#Health : Salmonella #Outbreak in #Louisiana caused by 'jambalaya' dishes

State health officials suspect jambalaya is the cause of an outbreak of Salmonella poisoning in Caldwell Parish.

Easy Cajun Jambalaya

Dr. David Holcombe with the State Office of Public Health says there are 49 confirmed cases of a gastrointestinal illness with 31 people hospitalized. He says salmonella is usually associated with chicken and eggs.

The jambalaya used to be offered at an match in Caldwell Parish in northern Louisiana on October 16, the Louisiana Department of Health stated in a observation, CNN reported.

As of Oct. 19, there have been 49 showed circumstances of sickness amongst other folks ages 15-70.

Health officials believe that at least 300 people were served the suspect jambalaya and are anticipating there will be more reports of illness in the next several days,” the well being division stated. “One death has occurred and an autopsy is occurring to determine if the death was caused by this illness or other causes.

The division stated any meals purchased from the fundraiser, together with facet dishes that will have come into touch with the jambalaya, will have to be thrown away, CNN reported.
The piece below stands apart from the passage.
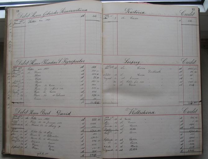 | Keywords: Ledger of the fur trader Dedo from Leipzig, 1876-1885 012.jpg 011 013 Hauptbuch des Rauchwarenhändlers Dedo aus Leipzig Bismarcksstr o/P 78 No 11 Herren Gebrüder Kiumurtzina Kastoria Herrn Theodar S Kyropulos Leipzig Herrn Berl David Woltschina Woltschina probably the former name of a town in Russia Ledger of a wholesale fur dealer Germany Leipzig aus eigenem Besitz 1876 first entry Dedo PD-old Furriers and fur traders of Leipzig named in the accountancy of Naoum Dedo in Leipzig Kyropulos Th History of fur trade in Kastoria Kiumurtzina Furriers and fur traders of Kastoria named in the accountancy of Naoum Dedo in Leipzig Kiumurtzina Furriers in Russia David Berl Fur wholesale dealers in Russia David Berl Ledger of the fur trader Dedo in Leipzig 1876-1885 |

Holcombe, a specialist in internal medicine, 

started his education with a Bachelor of Science degree and a Master of Science degree. 
He then attended medical school at the Catholic University of Louvain in Brussels, Belgium where he received his M.D. degree with high honors.  He completed his residency and internship at the Wyman Park Health Systems in Baltimore, Maryland in 1986.  He then settled in Alexandria, Louisiana, where he has been employed at the Freedman Clinic of Internal Medicine.  
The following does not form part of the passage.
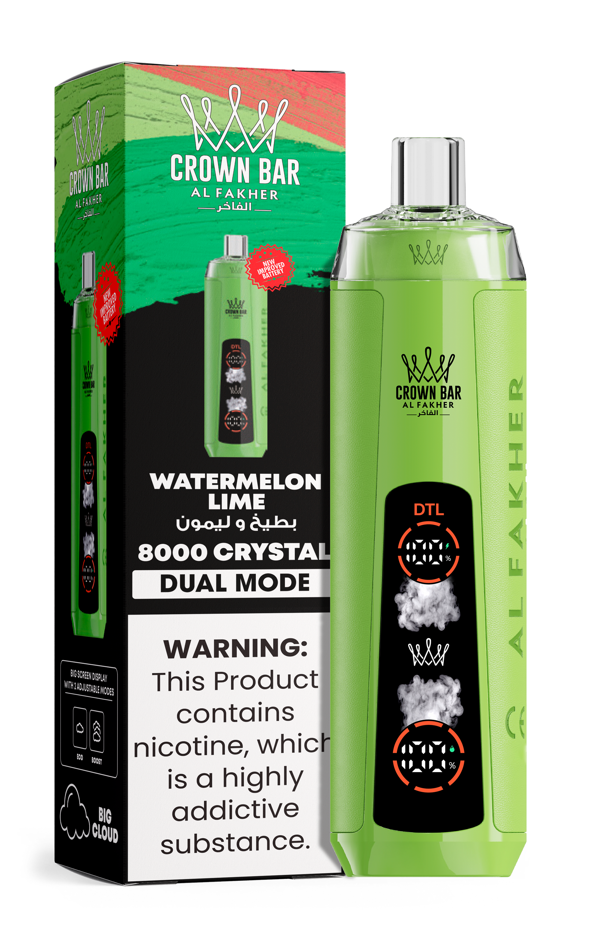 The AL Fakher Crown Bar Vape - Crystal 8000 Dual Mode Disposable Kit is designed for vapers seeking a simple, long-lasting, and enjoyable experience. With up to 8000 puffs, a rechargeable battery, and an advanced dual-mode system, this device offers ultimate convenience and flexibility. It features a large display to show battery level, fill level, and mode selection. Choose between two power modes—Eco and Boost—to customize your vaping experience and ensure you’re always at your best on the go.

It’s usually problems associated with preparation, cross contamination of cutting boards or poor storage techniques for either the raw product or the cooked product.

Holcombe says they know that 300 plates of jambalaya were served at a softball charity event over the weekend. He says one person who showed symptoms associated with Salmonella poisoning died but it is still unclear if that is what caused his death.

The usual symptoms are abdominal cramping, fever and diarrhea. It can occur any time between six hours up to three days and it usually lasts between four and seven days.

Holcombe says very rarely will salmonella travel into the blood causing sepsis and eventually death. He also notes salmonella is difficult to spread from person to person.

So with adequate hand washing and not contaminated fecal matter than you’re getting in your hands, people should do fine.